Итак, мы занимаемся арифметикой. Доски расчерчены, грифели поскрипывают, класс наполняет вдохновенное, сосредоточенное бормотание дети считают. Их двенадцать. Семь девочек и пятеро мальчиков. Недостает Кая - он болен туберкулезом и лежит дома, его должны вот-вот увезти в санаторий. Нет здесь и детей смотрителя маяка, они учатся в городе, там школа получше. Ведь в нашей всего-навсего два класса, с которыми я занимаюсь по очереди, через день. Кроме того, в младшем классе собрались дети разного возраста, и не все одинаково успевают. Скоро ко мне кто-нибудь подойдет и попросит помочь с задачками. Это я люблю, это целое искусство, Нафанаил, - незаметно подводить их к тому, чтобы они самостоятельно напали на верное решение.
Смотри, какое сегодня солнце! Оно воротилось из африканских странствий. И распустило нам на радость свои лучистые власы*. Иней за окном держится только в тени. Поля раскисли, превратились в озерца с талыми островками - плавучая, блескучая тундра. А вот море, насколько хватает глаз, все еще оковано мертвенно-бледным льдом. На нем проступило еще больше пятен. Он словно вспух болячками.

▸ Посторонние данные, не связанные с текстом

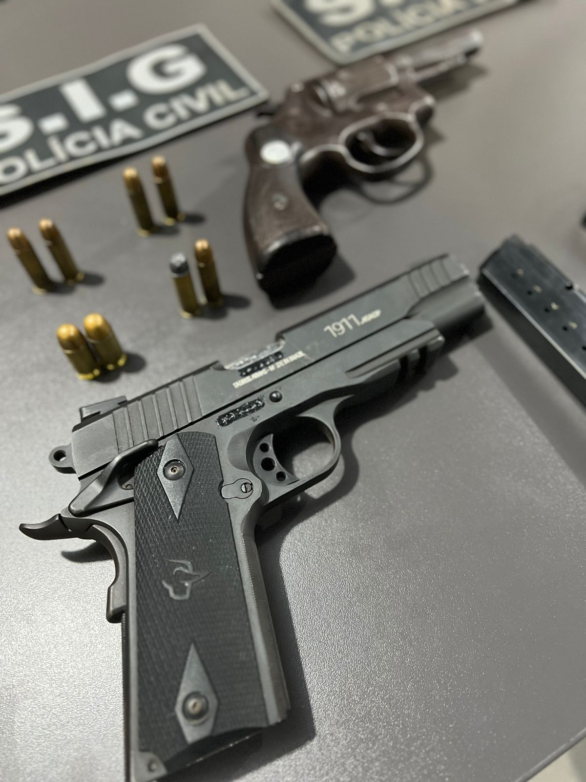 Nesta segunda feira, 18/12, durante o cumprimento da ordem judicial, agentes da SIG apreenderam com o indivíduo, duas armas de fogo, sendo um revólver, calibre .38 e uma pistola, calibre. 45. Além disso, outras provas cautelares foram reunidas, as quais confirmaram o comércio ilegal de arma de fogo por parte do suspeito, vindo ao encontro das investigações pretéritas (armas de fogo chegaram a ser colocadas à venda pelo suspeito pelo valor de R$ 7 mil).

* Из стихотворения А. Стуба "Ария".
Солнечный свет по-небесному дерзко врывается в окна, что смотрят на юг, стягивает в Млечный Путь порхающие пылинки, роет золото, прочесывая ребячьи макушки. Гляди, как переливается камень в колечке у Ингер! Простое стеклышко, а играет, что твой диамант!
И цветут, согретые солнцем, расписные розы на высоких стенных панелях. Сейчас розы выглядят, точь-в-точь какими они предстали мысленному взору Расмуса Санбьерга, когда он пришел сюда и заново стал художником.
Прожив на Песчаном острове года два, я уговорил старого Расмуса расписать классную комнату. Расмус слыл чудаком, и с ним никто особенно не считался. Он был вдов и жил бобылем в запущенной лачуге у Песчаной горы. Но его дверные переплеты и филенки излучали очарование старинного народного промысла. В далеком прошлом Расмус состоял в местных живописцах, а потом его разжаловали, потому что у людей выработался новый вкус, менее взыскательный. У него и кистей-то своих не осталось, и, когда я попросил его расписать классную комнату, старик испугался. Однако пришел. Ходил он сюда не месяц, не два - в классе даже устоялся его, Расмусов, запах.
Он работал и во время уроков. Но отвлекать художника расспросами было нельзя. От красок мягкая борода его стала серо-буро-малиновой. Таким он и сошел в могилу, до того они въелись, краски. Да, Расмус Санбьерг покоится в могиле с серо-буро-малиновой бородой.
Склонив голову набок, он медленно отступал от стены и, глядя поверх очков в стальной оправе, которые то и дело съезжали ему на нос, изучал очередной мазок. Мы хранили почтительное молчание. Наткнувшись на стол, он отпускал допотопное ругательство. Никто не смеялся. Унаследованная им манера письма соединяла в себе сразу несколько стилей, начиная от готики и кончая рококо и классицизмом. Он поделил стену на темно-красные поля - их венчают увитые цветами и листьями арки, а разгораживают серые пилястры с продольными желобками. Капителями служат цветочные корзины, откуда на две стороны, по синему фону, ниспадают гирлянды из листьев и роз. Но шедевр Расмуса - это дверная филенка, на которой он изобразил пророка Иону, сидящего под пальмой в окрестностях Ниневии. Иона облачен в сюртук и цилиндр. Пальма раскинула три дубовых листа. На заднем плане возносятся шпили ниневийских церквей и Вавилонская башня.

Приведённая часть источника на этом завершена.